*** Opening SUPPLIED MATERIAL ***

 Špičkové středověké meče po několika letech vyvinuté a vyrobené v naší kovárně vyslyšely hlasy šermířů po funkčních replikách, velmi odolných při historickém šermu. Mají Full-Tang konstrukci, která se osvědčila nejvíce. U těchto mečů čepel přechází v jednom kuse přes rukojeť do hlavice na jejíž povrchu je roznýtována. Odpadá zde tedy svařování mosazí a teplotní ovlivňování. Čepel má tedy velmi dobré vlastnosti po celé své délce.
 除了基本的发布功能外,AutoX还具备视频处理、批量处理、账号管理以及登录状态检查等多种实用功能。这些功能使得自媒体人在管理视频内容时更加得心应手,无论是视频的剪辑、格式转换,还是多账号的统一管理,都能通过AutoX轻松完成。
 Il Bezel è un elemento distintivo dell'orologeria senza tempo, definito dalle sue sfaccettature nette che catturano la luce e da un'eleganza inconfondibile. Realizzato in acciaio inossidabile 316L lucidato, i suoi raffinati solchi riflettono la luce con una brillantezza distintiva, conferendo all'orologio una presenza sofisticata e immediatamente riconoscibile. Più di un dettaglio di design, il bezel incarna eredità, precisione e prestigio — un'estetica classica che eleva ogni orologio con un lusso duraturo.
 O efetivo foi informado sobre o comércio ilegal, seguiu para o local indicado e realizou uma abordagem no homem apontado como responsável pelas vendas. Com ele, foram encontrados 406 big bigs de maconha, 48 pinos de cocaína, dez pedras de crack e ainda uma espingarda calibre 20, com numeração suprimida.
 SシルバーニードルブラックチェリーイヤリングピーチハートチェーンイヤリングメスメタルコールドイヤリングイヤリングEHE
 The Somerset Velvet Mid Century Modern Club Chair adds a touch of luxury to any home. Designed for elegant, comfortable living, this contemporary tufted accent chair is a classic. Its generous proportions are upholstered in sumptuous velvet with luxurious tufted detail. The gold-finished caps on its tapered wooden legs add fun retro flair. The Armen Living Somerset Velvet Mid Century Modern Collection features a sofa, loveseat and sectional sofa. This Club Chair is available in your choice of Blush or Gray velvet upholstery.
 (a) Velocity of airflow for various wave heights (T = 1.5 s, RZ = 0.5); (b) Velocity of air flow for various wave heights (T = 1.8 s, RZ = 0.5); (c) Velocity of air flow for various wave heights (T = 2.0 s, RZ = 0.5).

*** Closing SUPPLIED MATERIAL ***
*** Opening SUPPLIED MATERIAL ***

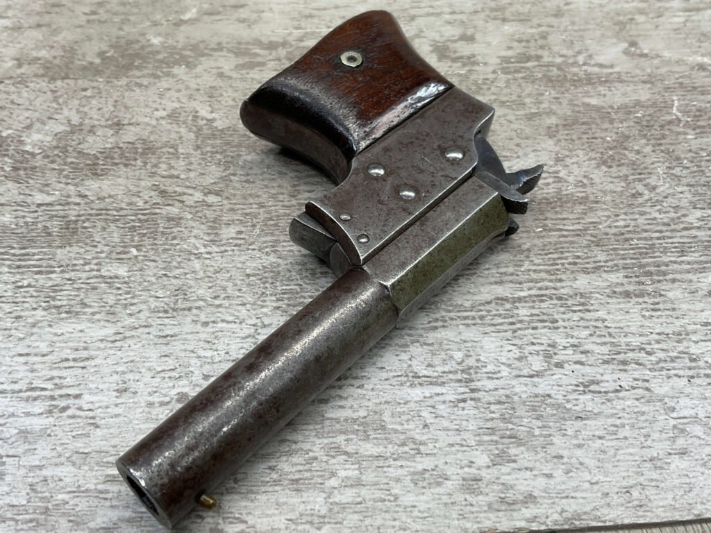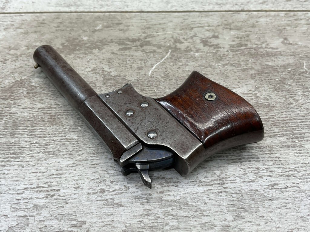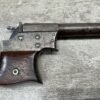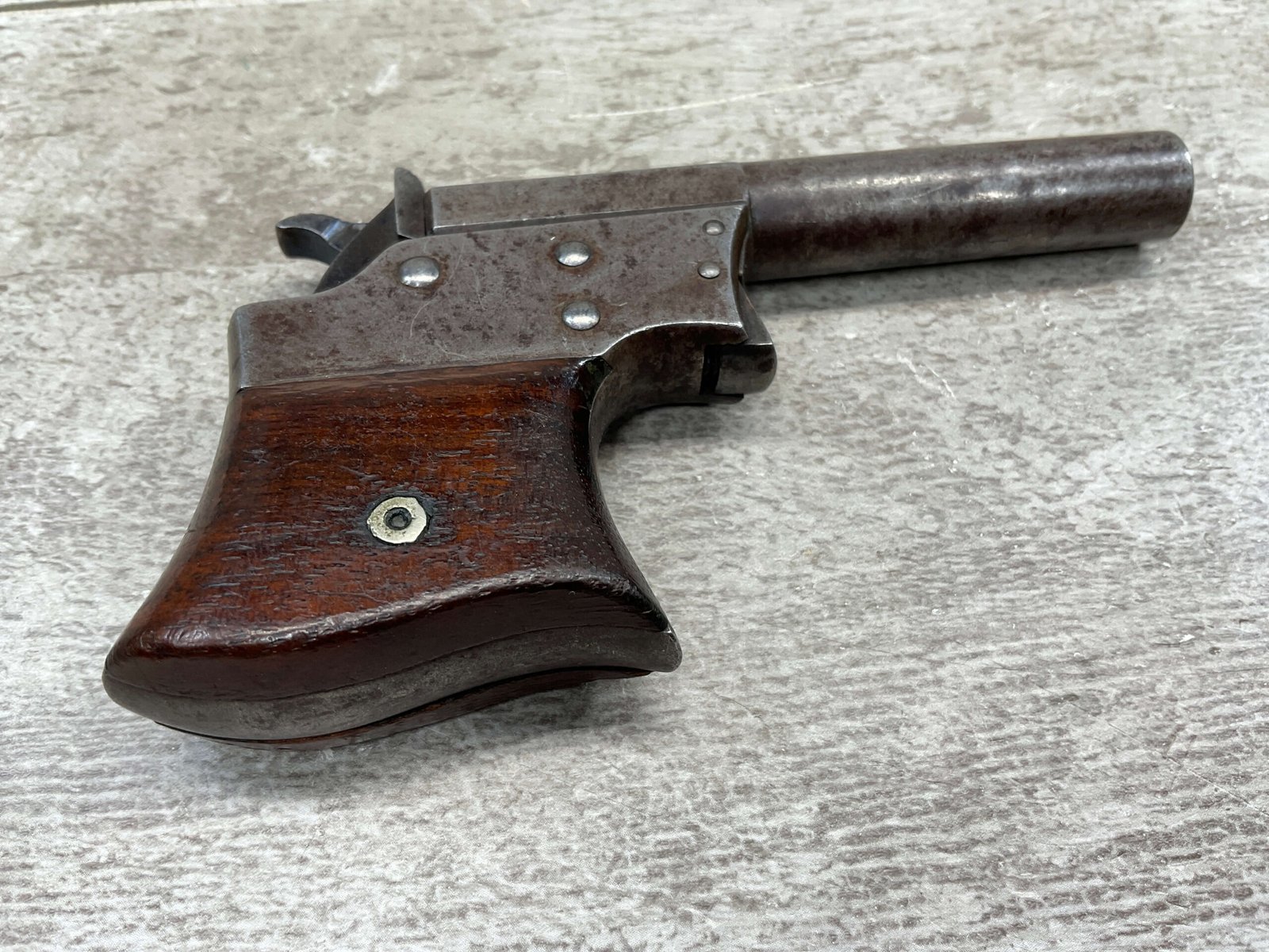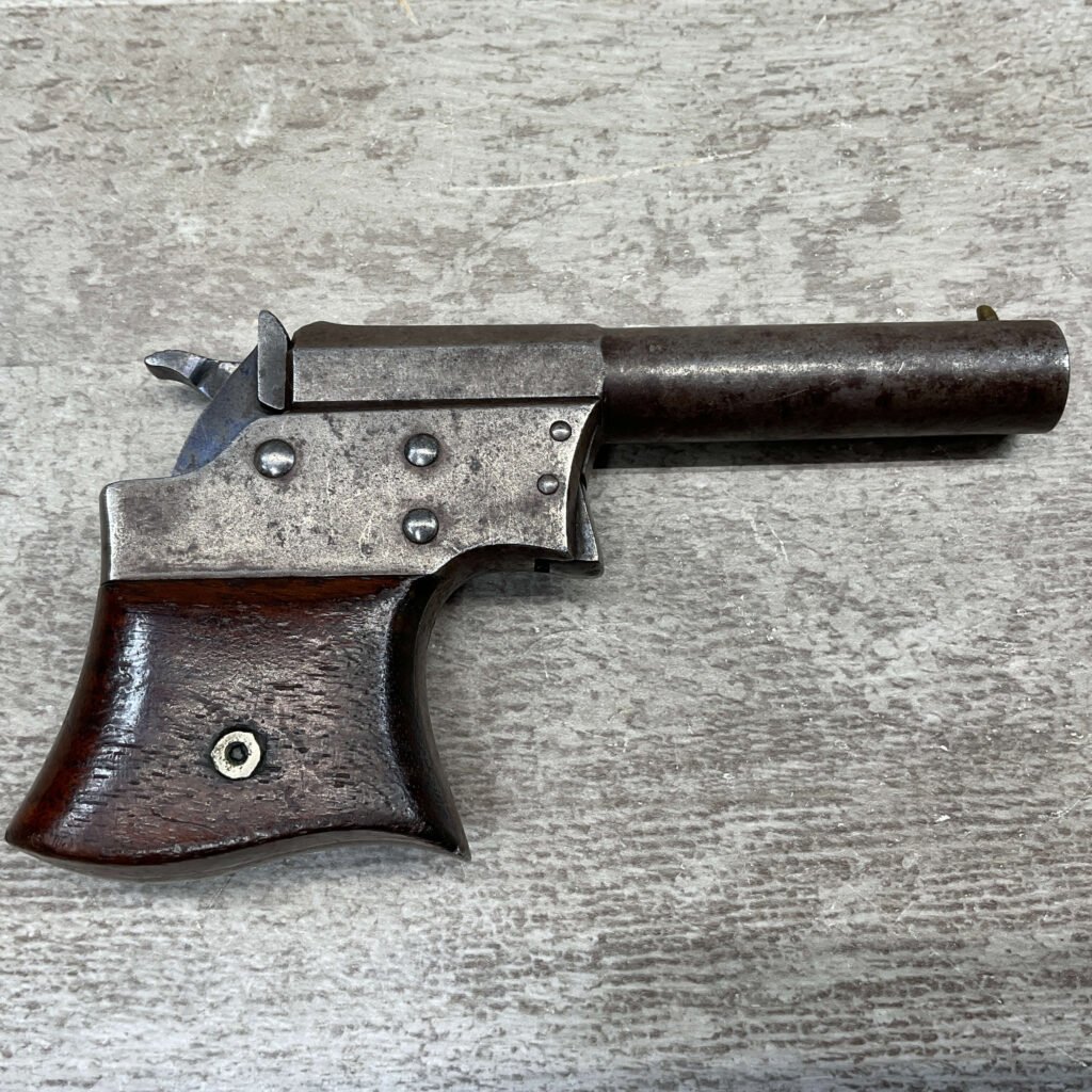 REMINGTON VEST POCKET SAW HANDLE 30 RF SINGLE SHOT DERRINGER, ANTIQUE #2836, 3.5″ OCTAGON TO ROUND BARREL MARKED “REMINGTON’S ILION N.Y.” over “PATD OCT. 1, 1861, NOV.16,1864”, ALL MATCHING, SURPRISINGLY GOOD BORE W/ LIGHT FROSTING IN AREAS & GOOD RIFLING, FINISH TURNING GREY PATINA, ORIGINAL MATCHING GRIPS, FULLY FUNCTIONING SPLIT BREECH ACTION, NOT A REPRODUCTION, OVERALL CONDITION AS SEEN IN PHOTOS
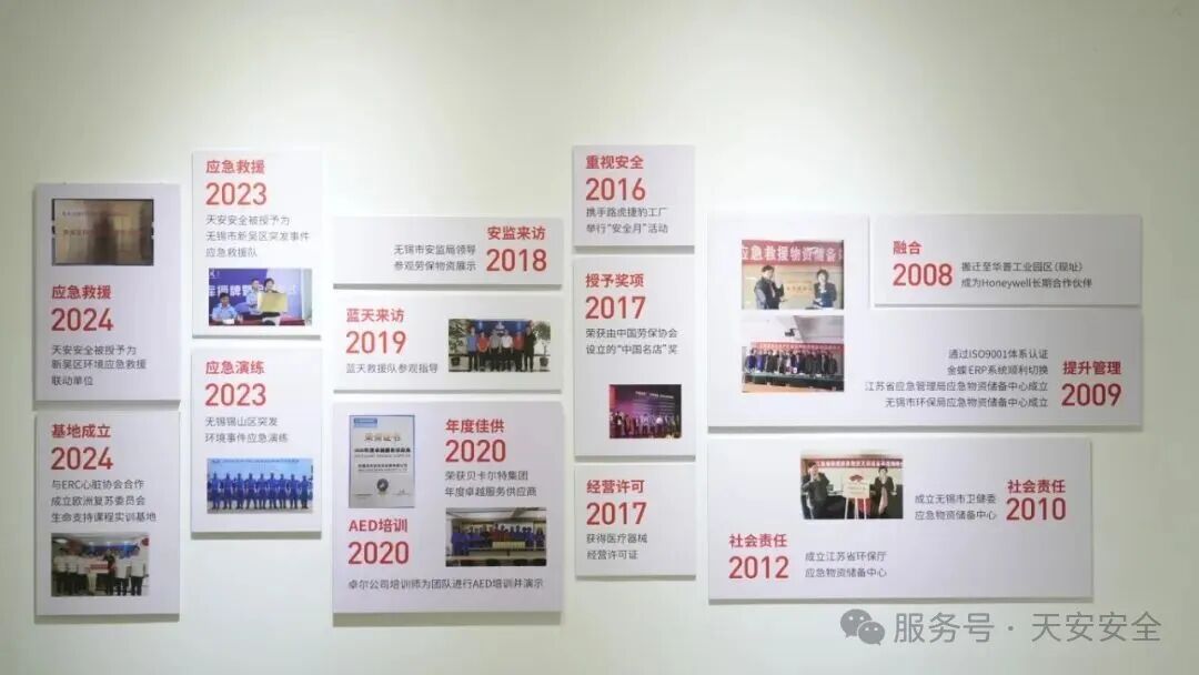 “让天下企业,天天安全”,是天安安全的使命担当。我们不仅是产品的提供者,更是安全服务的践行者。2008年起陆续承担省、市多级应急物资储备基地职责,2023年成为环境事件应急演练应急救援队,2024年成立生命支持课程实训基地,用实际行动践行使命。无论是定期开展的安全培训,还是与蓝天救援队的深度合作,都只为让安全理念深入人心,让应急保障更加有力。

*** Closing SUPPLIED MATERIAL ***

Would you please repeat exactly the lines above, starting at the line with "Sシルバーニードルブラックチ" and stopping at the line with "(a) Velocity of", both included?

## EXERCISE RESPONSE
 SシルバーニードルブラックチェリーイヤリングピーチハートチェーンイヤリングメスメタルコールドイヤリングイヤリングEHE
 The Somerset Velvet Mid Century Modern Club Chair adds a touch of luxury to any home. Designed for elegant, comfortable living, this contemporary tufted accent chair is a classic. Its generous proportions are upholstered in sumptuous velvet with luxurious tufted detail. The gold-finished caps on its tapered wooden legs add fun retro flair. The Armen Living Somerset Velvet Mid Century Modern Collection features a sofa, loveseat and sectional sofa. This Club Chair is available in your choice of Blush or Gray velvet upholstery.
 (a) Velocity of airflow for various wave heights (T = 1.5 s, RZ = 0.5); (b) Velocity of air flow for various wave heights (T = 1.8 s, RZ = 0.5); (c) Velocity of air flow for various wave heights (T = 2.0 s, RZ = 0.5).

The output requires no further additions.